Archival Family Photo. My father (left), grandparents (middle) and uncle (right). Durban (year unknown). Courtesy of the Author

 

Archival Family Photo. My father (left), grandmother (middle) and uncle (right). Durban (year unknown). Courtesy of the Author

My father’s transition from this earthly world continues to blur time. His story lives in fragments and the yellow turned paper in my hand. I get to inhabit some of his world. To think of daughter as verb. He spent three years working for Union Castle Lines. Australia, New Zealand, Latin America, Germany. The British cargo ships were built in the early 1900s. In 1968, my father spent his last Christmas in Durban before boarding one of these ships. I’ve been looking at old postcards of these ships and browsed through numerous crew lists. Many of the postcards feature the ships (named after castles) laying diagonally in the water. Other ships are shot in front of Cape Town’s Table Mountain. I’m still working through this colonial maritime aesthetic where ships pose. I’m part of this temporal loop of working through ‘past’ rather than just dwelling in a past time. I tell these migration histories not as mode of recovery, but as the impossible totality of expectations broken into the ripples that stir the water. 

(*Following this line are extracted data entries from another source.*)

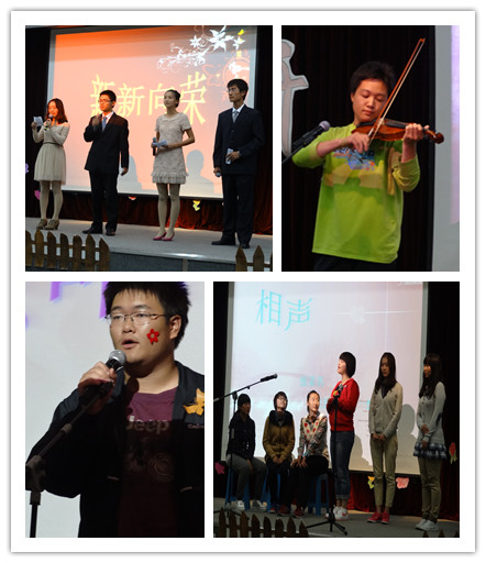 接着晚会表演正式开始,本场晚会共有12个节目,并穿插2个游戏环节。晚会进行过程中高潮不断,掌声连连。本场晚会首先由流行的舞蹈串烧调起了全场气氛,其中孔尧同学带来的《江南style》赢得大家的热烈掌声。随后,在大一女生520宿舍带来的小品《报菜名》中,6位同学熟练地报出菜名,让大家连声叫好。在之后的朗诵节目中,冯馨慧同学和吴志刚同学优美的嗓音和丰富的感情给在场观众留下了深刻印象。接着,藏族同学卓玛拉宗等人带来了吉祥如意的弦子锅庄舞。
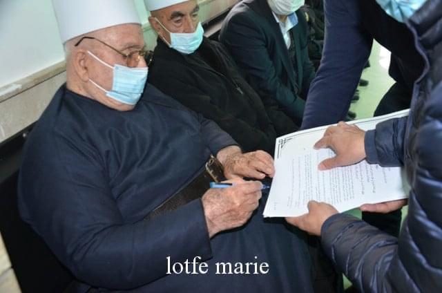 وقد انتهت المراسم بتوقيع وثيقة الصّلح الّتي تُليت على مسامع الحضور من قبل مندوبين عن العائلات وأعضاء لجنة الصّلح.
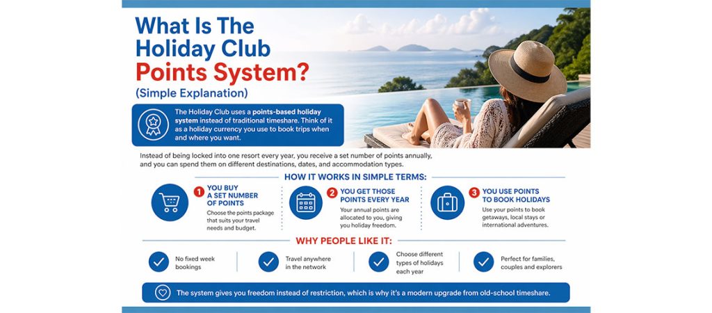 The Holiday Club uses a points-based holiday system instead of traditional timeshare. Think of it as a holiday currency you use to book trips when and where you want. Instead of being locked into one resort every year, you receive a set number of points annually, and you can spend them on different destinations, dates, […]
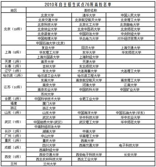 2010年进行自主选拔录取改革试点的76所高校名单:
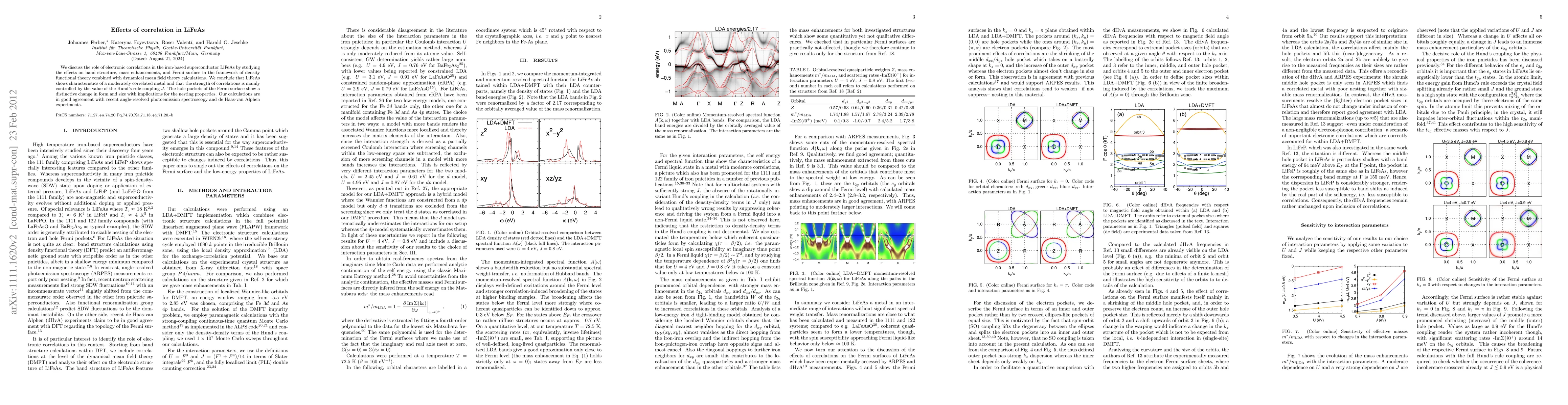 We discuss the role of electronic correlations in the iron-based superconductor LiFeAs by studying the effects on band structure, mass enhancements, and Fermi surface in the framework of density functional theory combined with dynamical mean field theory calculations. We conclude that LiFeAs shows characteristics of a moderately correlated metal and that the strength of correlations is mainly controlled by the value of the Hund's rule coupling J. The hole pockets of the Fermi surface show a distinctive change in form and size with implications for the nesting properties. Our calculations are in good agreement with recent angle-resolved photoemission spectroscopy and de Haas-van Alphen experiments.
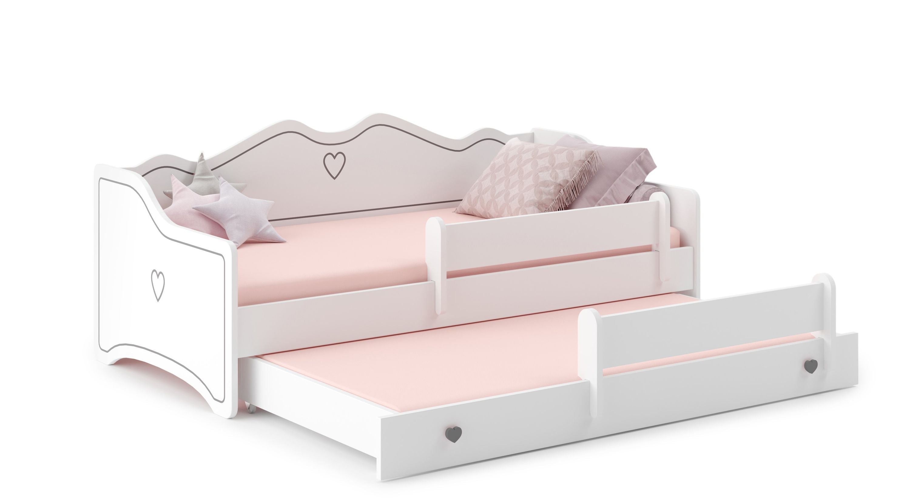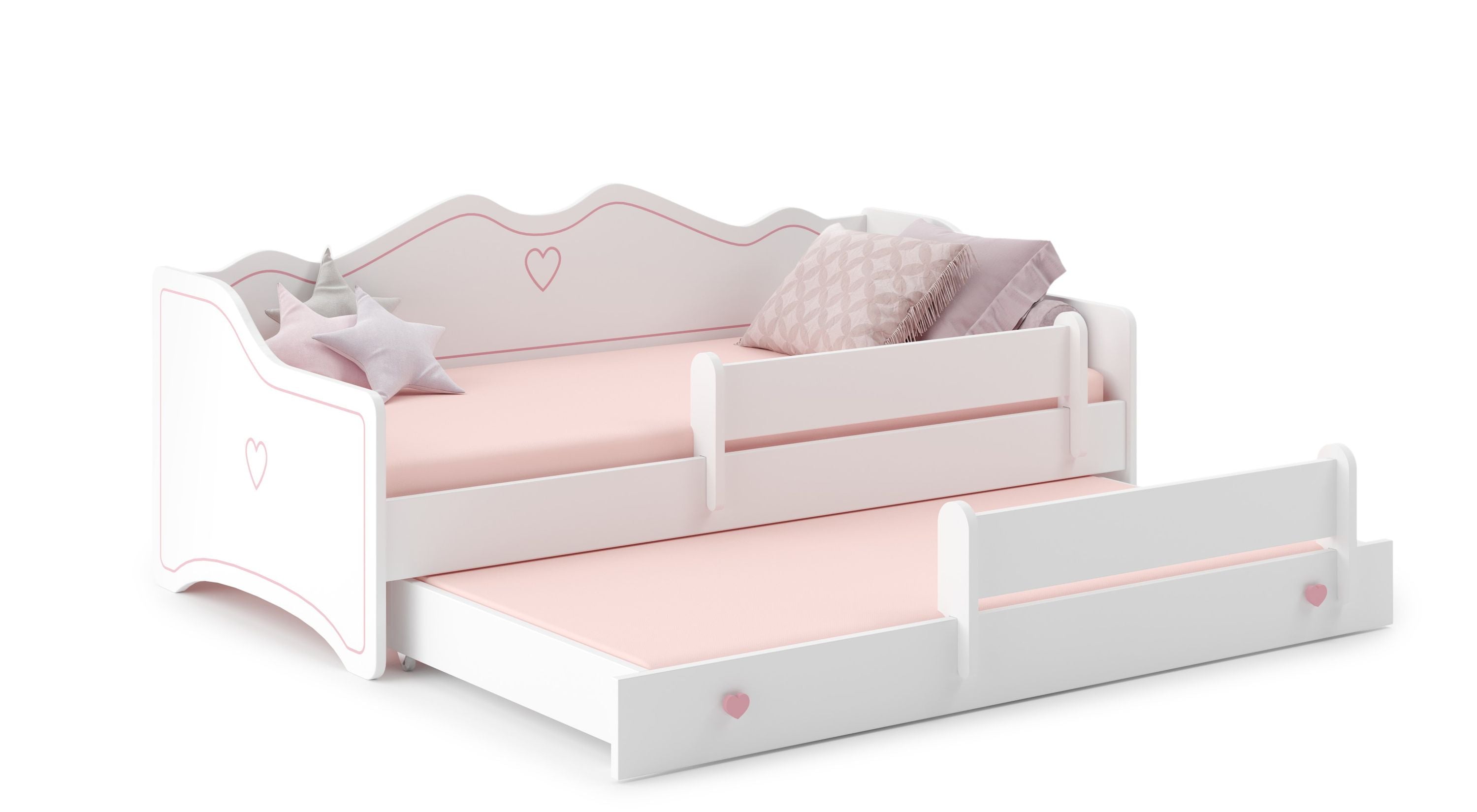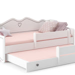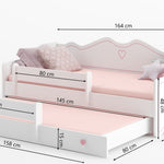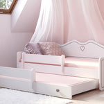Ausziehbett & 2 Matratzen | Prinzessin-Design | Rausfallschutz | Weiß-Pink | 80 × 160 cm
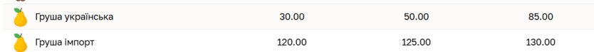 Українські груші також демонструють різницю у вартості. У супермаркетах — 42-66 грн/кг, тоді як на ринках — від 30 до 85 грн/кг. Імпортні сорти коштують дорожче — 120-130 грн/кг.
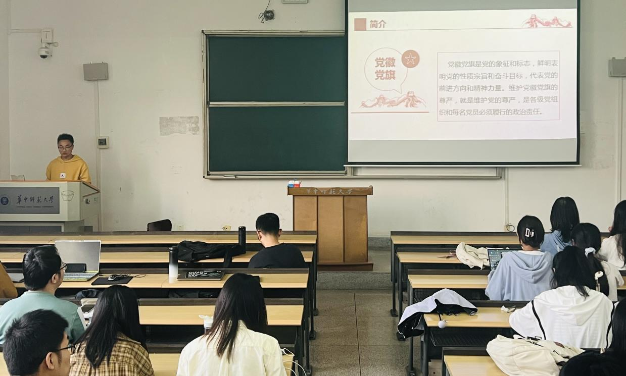 (图为董艺博同志领学《中国共产党党徽党旗条例》)
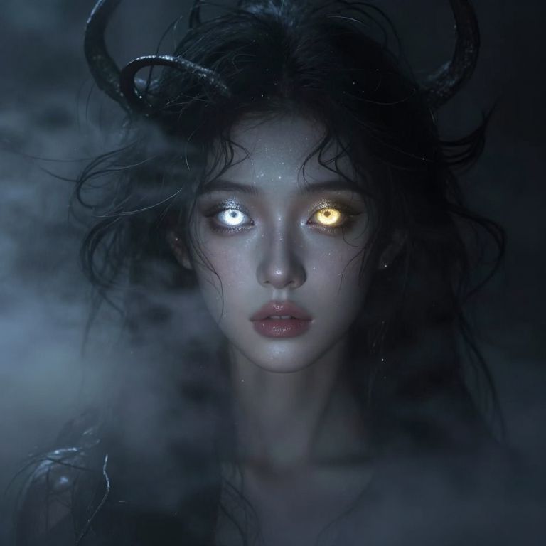 This digital artwork depicts a mysterious, ethereal woman with pale, almost luminescent skin, and striking heterochromia—her left eye glowing white, and her right eye glowing yellow. She has long, wild black hair with dark, twisted horns emerging from the top of her head. Her expression is neutral, with slightly parted lips. The background is a dark, misty blue, adding to the mystical atmosphere. The image is highly detailed with a realistic yet fantasy-style rendering, emphasizing her otherworldly appearance. The overall mood is eerie and enigmatic.

I’ve always felt like I was made out of the questions that live between these bodies of water. Questionable ancestries. For, I don’t quite know what journeys my ancestors (both sides) made across the water. And how I make sense of the way that water displaced and held us. I remember my dad and my uncles loved to drive out to the ocean in Durban. Chewing down sugar cane, we’d drive up early in the morning, a big outing with my cousins in tow. I remember the ritual of walking up to that ocean. Feeling the pull of a current that never made me quite comfortable to swim in oceans. 

III

I’ve come to the water in different shapes. I pull these stories of water in when I came across archival materials of what was called the Black, Migrant and Refugee (BMR) movement organising in the Amsterdam city centre. Growing up, I had no idea there had been such a thriving feminist and queer movement of colour in the city. The BMR movement was comprised of women from post-colonial communities, labour migrants and later women who had come from war-torn areas. What does it mean that women from the Dutch Antilles, Indonesia, South Africa, Suriname, Philippines, Morocco, and Turkey converged here? What kind of intimacies are generated by this unique constellation of diasporic women who were trying to figure out the praxis of homemaking? 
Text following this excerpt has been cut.